For most people figures like these are an abstraction. But from my experience in business I can attest that the “dumbed-down course work” makes it difficult to find employees who can perform in their chosen fields.

Educators at all levels have made it almost impossible for employers to assess the quality of potential employees by destroying the traditional link between students’ test achievement scores and their intellectual capacity. The results have not been great for employers like me.

More than a decade ago, I designed a facility to manufacture large composite parts that I had invented. Each part had a high value and each was easy to sell into the international market. The design of the pilot plant was such that it could produce 10 parts in a 7.5-hour shift.

The tasks were not difficult to perform. What was required was some care in the placement of the components and the need to work at a reasonable pace because the composite resins we used had specific workable times.

The process required 20 workers, all of whom where high school graduates, mainly in their early 20s.
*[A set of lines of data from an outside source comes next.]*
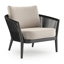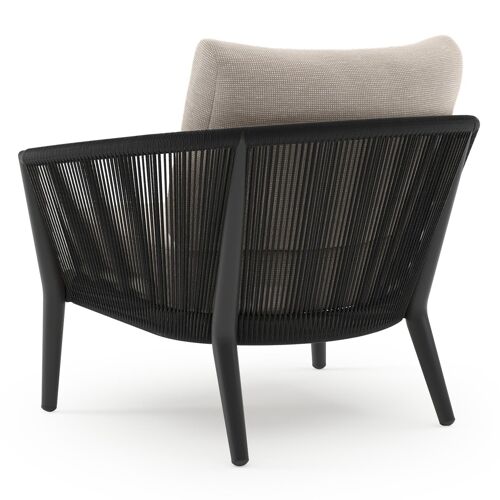 Fauteuil de jardin Orso en aluminium noir en corde ronde tissée verticalement noir et coussins en all weather sunbrella® luxe Slow Farafra | Exterioo
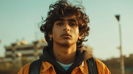 Teen Indian Man with Brown Curly Hair 1990s style Illustration.
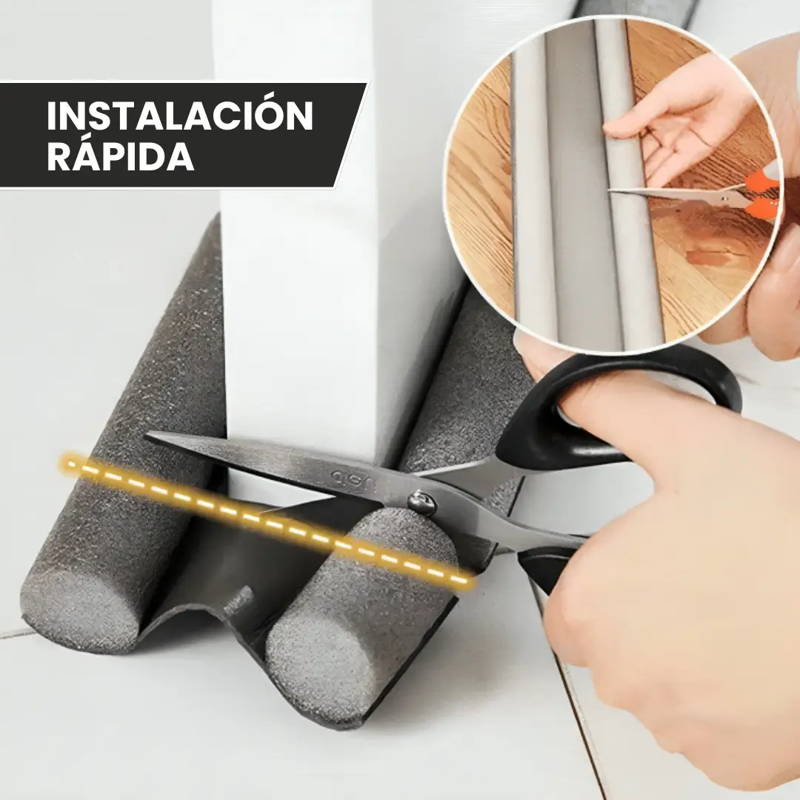 - Su diseño flexible se adapta perfectamente a cualquier tipo de puerta, actuando como una barrera efectiva contra ruidos, viento y pequeños insectos
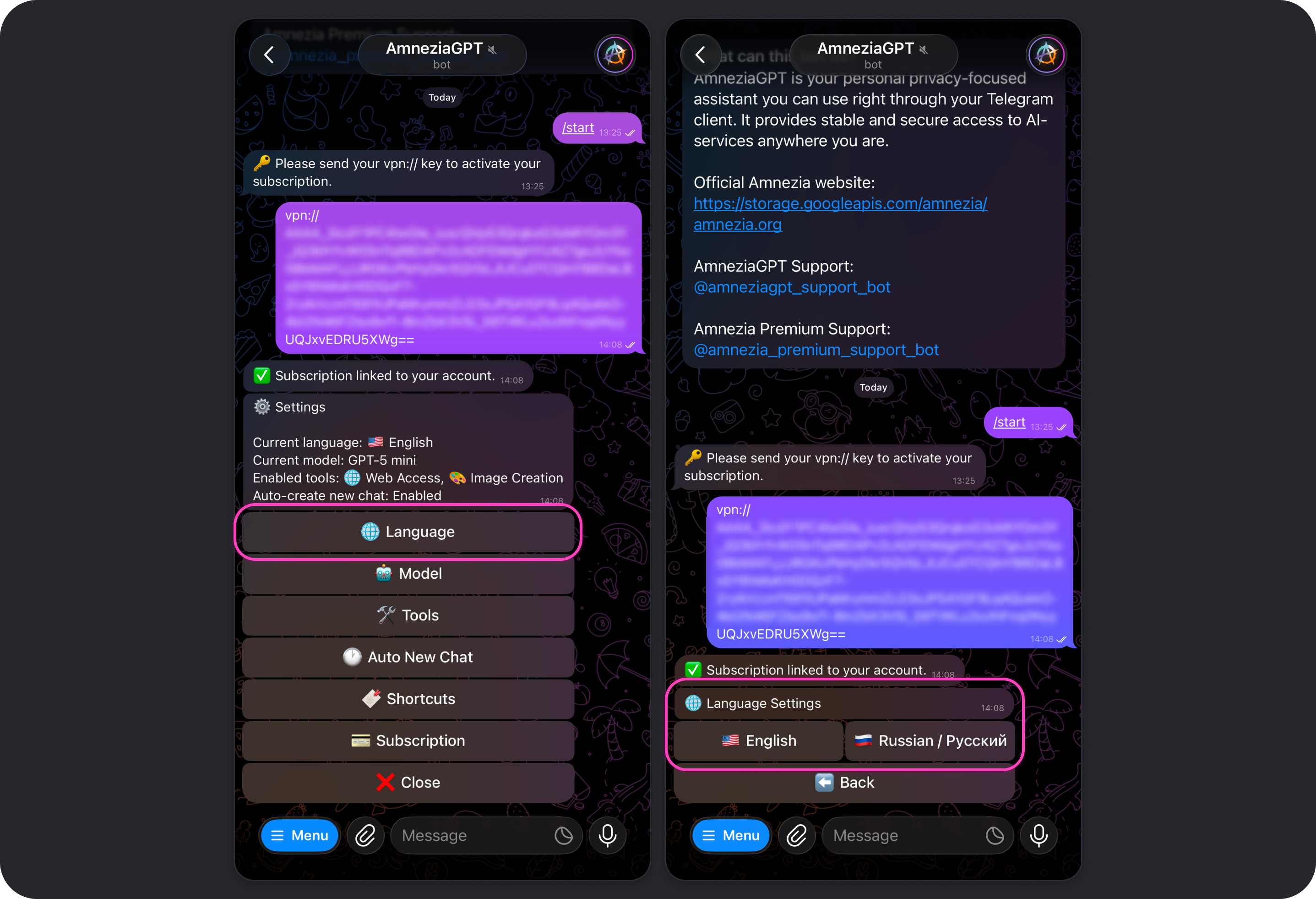 To use Amnezia GPT, you need an active Amnezia Premium subscription and a Telegram account. For now, the bot is available only in Telegram.
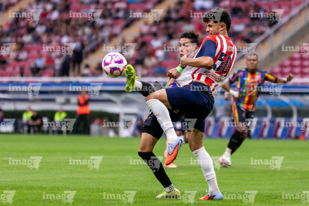 Zapopan, Jalisco, 3 de octubre de 2025. Sergio Meza y Raúl Martínez, durante el partido correspondiente a la jornada 10 del torneo Apertura 2025 de la Liga BBVA Expansión MX, entre el CD Tapatío y Alebrijes de Oaxaca, realizado en el estadio Akron. Foto: Imago7/ Jair Terán
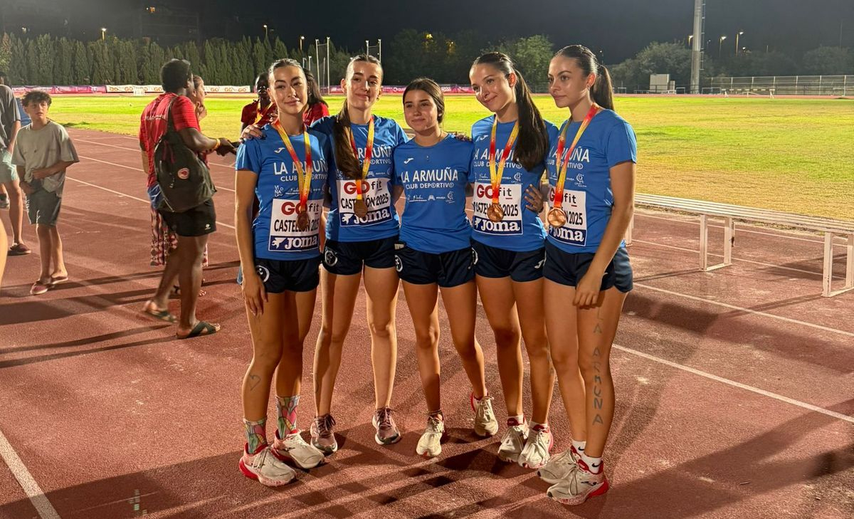 El éxito del fin de semana se completó con el trabajo en equipo. El conjunto femenino del CD La Armuña logró una fantástica tercera posición en la final del relevo 4x100 metros del nacional Sub-18, demostrando una gran coordinación y velocidad.
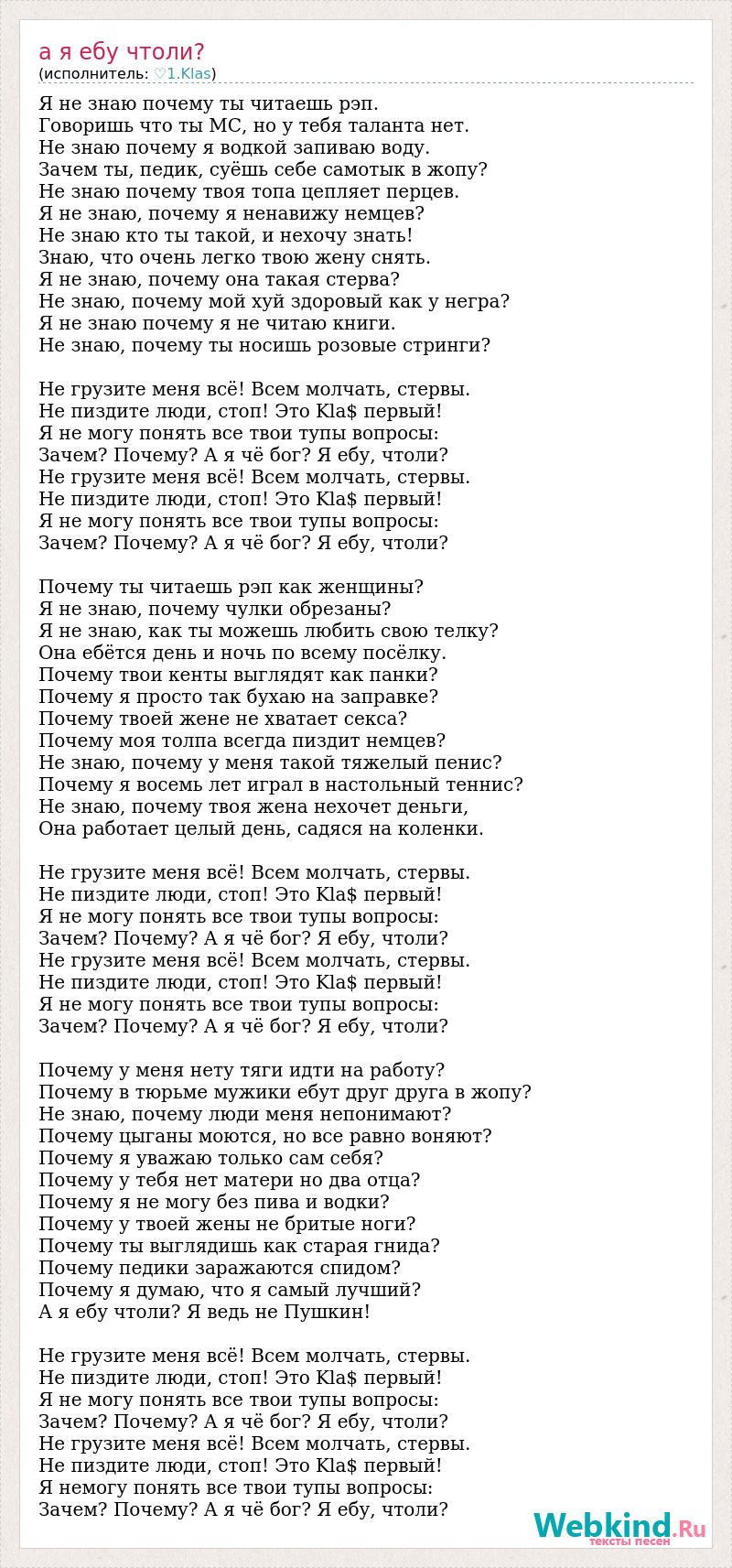 Я не знаю почему ты читаешь рэп. Говоришь что ты MC, но у тебя таланта нет. Не знаю почему я водкой запиваю воду. Зачем ты, педик, суёшь себе самотык в жопу? Не знаю почему твоя топа цепляет перцев. Я не знаю, почему я ненавижу немцев? Не знаю кто ты такой, и нехочу знать! Знаю, что очень легко твою жену снять. Я не знаю, почему она такая стерва? Не знаю, почему мой хуй здоровый как у негра? Я не знаю почему я не читаю книги. Не знаю, почему ты носишь розовые стринги? Не грузите меня всё! Всем молчать, стервы. Не пиздите люди, стоп! Это Kla$ первый! Я не могу понять все твои тупы вопросы: Зачем? Почему? А я чё бог? Я ебу, чтоли? Не грузите меня всё! Всем молчать, стервы. Не пиздите люди, стоп! Это Kla$ первый! Я не могу понять все твои тупы вопросы: Зачем? Почему? А я чё бог? Я ебу, чтоли? Почему ты читаешь рэп как женщины? Я не знаю, почему чулки обрезаны? Я не знаю, как ты можешь любить свою телку? Она ебётся день и ночь по всему посёлку. Почему твои кенты выглядят как панки? Почему я просто так бухаю на заправке? Почему твоей жене не хватает секса? Почему моя толпа всегда пиздит немцев? Не знаю, почему у меня такой тяжелый пенис? Почему я восемь лет играл в настольный теннис? Не знаю, почему твоя жена нехочет деньги, Она работает целый день, садяся на коленки. Не грузите меня всё! Всем молчать, стервы. Не пиздите люди, стоп! Это Kla$ первый! Я не могу понять все твои тупы вопросы: Зачем? Почему? А я чё бог? Я ебу, чтоли? Не грузите меня всё! Всем молчать, стервы. Не пиздите люди, стоп! Это Kla$ первый! Я не могу понять все твои тупы вопросы: Зачем? Почему? А я чё бог? Я ебу, чтоли? Почему у меня нету тяги идти на работу? Почему в тюрьме мужики ебут друг друга в жопу? Не знаю, почему люди меня непонимают? Почему цыганы моются, но все равно воняют? Почему я уважаю только сам себя? Почему у тебя нет матери но два отца? Почему я не могу без пива и водки? Почему у твоей жены не бритые ноги? Почему ты выглядишь как старая гнида? Почему педики заражаются спидом? Почему я думаю, что я самый лучший? А я ебу чтоли? Я ведь не Пушкин! Не грузите меня всё! Всем молчать, стервы. Не пиздите люди, стоп! Это Kla$ первый! Я не могу понять все твои тупы вопросы: Зачем? Почему? А я чё бог? Я ебу, чтоли? Не грузите меня всё! Всем молчать, стервы. Не пиздите люди, стоп! Это Kla$ первый! Я немогу понять все твои тупы вопросы: Зачем? Почему? А я чё бог? Я ебу, чтоли?

At no point did all of these workers show up for work every day. They would never call in to say they weren’t going to come to work and they never offered a reasonable excuse when they did show up at work again. There were always a few who showed up late.

The result of this was that we had to hire at least 25 people to do the work of 20. Because there was always at least one person absent, the plant could never produce the full number of parts it was designed to make. We were never able to operate more than one shift. The result was millions of lost revenue and a bad outcome for the business as well as for its 20 employees.